I just need an explanation of how base + offset addressing modes work. Having trouble finding a clear-cut answer for this. (I've been working with the LC-3, not sure if that matters). A simple example would also be helpful.
Thank you!
Asked
Active
Viewed 1.1k times
2
-
I believe I figured out the answer which is listed below. Thank for those who attempted to answer the question but the answers were not correct (at least in terms of the LC-3 architecture, I'm not sure, maybe base + offset works differently elsewhere). Anyone who is VERY familiar with the LC-3 and is confident in how base + offset addressing works, please review my answer below to see if it is correct. Thank you! – Matt May 05 '15 at 23:34
3 Answers
0
MOV EAX,[EBP+8]
MOV EBX,[EBP+12]
EBP is the base here (holds the base address) like "00402000" for instance so the EAX will be loaded with the value in the address [00402000+8] I.e 00402004
the accountant
- 506
- 6
- 14
-
Not quite what I am looking for. In the LC-3, the base used is a register. The instruction for the LC-3 opcode looks like this: 0110 010 110 001101 The first four bits is the opcode (an LDR in this case); the next three is the destination register; the next three is the base register; and the last 6 is the offset (in 2's complement). If I am correct (and anyone please correct me if I am wrong), it takes the value of the base register, which is an address, adds the offset to it, and stores the value in the destination register, although I can't seem to get the correct answer. – Matt May 05 '15 at 22:17
0
Base + Index addressing mode
2 Registers specify the address of an operand in an instruction. Add the numerical values stored in those registers to get the complete address of an operand.
Ex.
A = 1000
Register A = 1000
Register B = 8
MOV C, [A,B] => C = contents of location A+B
There is a flavor to Base + Indexing addressing called the base + Index + displacement
Displacement = immediate value in the instruction that is added to the Base + Index. thats what you see in your opcode.
instruction = OPCODE + Operand 1 Register Spec + Operand 2's Base Register Spec + Operand 2's Index Register Spec + Immediate value.
imagine a microprocessor with a 8 bit register space.

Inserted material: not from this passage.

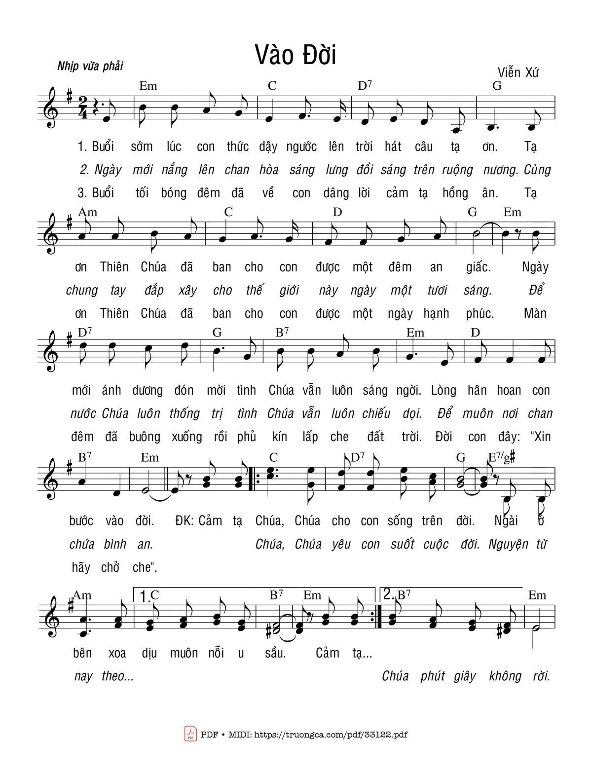 Sheet nhạc có nốt Vào Đời của nhạc sĩ Viễn Xứ và file PDF nốt nhạc đăng lên đây nhằm giúp các bạn xướng âm cho đúng nốt và hát thêm hay, chỉ mang tính chất tham khảo, không có mục đích thương mại. Bản quyền thuộc về tác giả và tổ chức nắm bản quyền, Truongca.com không giữ bất kỳ bản quyền của nội dung nào cả. Các bạn có thể tải về bản PDF chất lượng cao, gồm khuông nhạc có nốt với đường link file PDF bên trên.

so a 16 bit operand may have
4 bit for opcode
3 bit for base register 3 bit for index register 6 bit for immediate displacement.
Thanks,
user_kpa
- 1
-
I don't think this is correct. Based on what I have learned in class, I know that you are not adding the two registers together. The destination register is only used to store the calculated value and is not used as an operand. – Matt May 05 '15 at 23:12
0
I believe I have figured out the answer. I'll post it here in case it helps anyone else who has trouble with this. I found the answer hidden deep in the 100 slide powerpoint that my teacher provided XD
This is what happens when performing an LDR using a base register R6 and destination register R2:
MAR<-R6 + IR[5:0]
MDR<-MEM[MAR]
R2<-MDR
Lets say R6 = x3000, IR[5:0] = x5, and R2 = 0 (although this value doesn't matter since it will be loaded with another value at the end)
MAR<-R6 + IR[5:0]
R6 is added to IR[5:0] (which is the offset value in the last six bits of the LDR instruction). The base x3000 (value of R6) has x5 (value of IR[5:0]) added to it, giving us x3005. The MAR (memory address register) now holds x3005.
MDR<-MEM[MAR]
The value in the MAR (x3005) is loaded into the MDR (memory data register).
R2<-MDR
The value in the MDR (x3005) is loaded into R2. R2 now holds the value: x3005.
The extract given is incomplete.